The announcement, posted on the website of the Ministry of Commerce, said that foreign institutional investors are exempt from registration fees when taking out domestic and foreign loans for property and settling foreign exchange transactions.
Foreign individuals and companies are now allowed to buy as many properties as they wish, but they are still subject to local housing purchase limits, such as that in Shanghai, where people without a Shanghai household registration are allowed to buy only one property.
Previously, foreign residents were allowed to buy no more than one property on the mainland and had to first have worked in China for a year.
Analysts said Thursday's move was an adjustment under current market conditions, since housing prices are stabilizing and the market is mature enough to open to foreign capital.
"Before, when foreign capital came into China's domestic property market, housing prices surged to a level that Chinese residents could not afford, and the pace of the housing price rises was so much faster than that of local residents' income," said Tao Wei, a property agent with Shanghai Tianyou Property.

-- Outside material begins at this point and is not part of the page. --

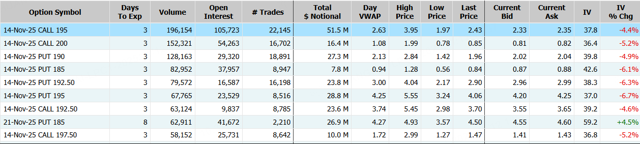 英偉達隔夜跌近3%,期權合約成交236.94萬張。11月14日到期的195美元的行權看漲期權交易量特別高,共有196,154份合約交易。 $NVDA 20251114 195.0 CALL$
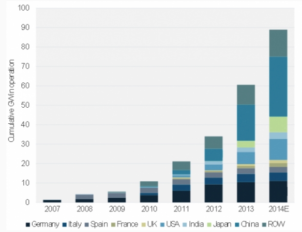 該新的報告強調,全球光伏運營和維護市場應該在2014年超過88GW,并且毫無意外由中國主導,中國去年安裝超過10GW,預計2014年至少安裝13GW。

In 2009, when a high-end property project was launched in central Shanghai, foreign investors flocked to buy, according to a Xinhua report, and one extended family purchased 48 units at one time.
The previous house purchase limits were made under such particular circumstances, and they end because the market has changed, said Tao.
For foreign investors who have worked in China and want to own housing, the policy change is good news that will help them buy property, but it will not significantly affect housing prices nation-wide because the increase in demand will be marginal compared with the huge inventories across the nation, market insiders said.
Properties in Beijing and Shanghai are most sought after by foreign investors. As purchase limits still exist in these key cities, speculation will not be a danger, said James Macdonald, research director at Savills East China.
In second-and lower-tier cities without purchase limits, foreign investors may be spurred to buy properties to meet housing demands, but it is not likely they would buy many more than they need for their own purposes, such as for value growth or rental return, as the yields in these cities are lower than in other world gateway cities, according to Zhang Hongwei, chief analyst of Tospur Real Estate Consultancy.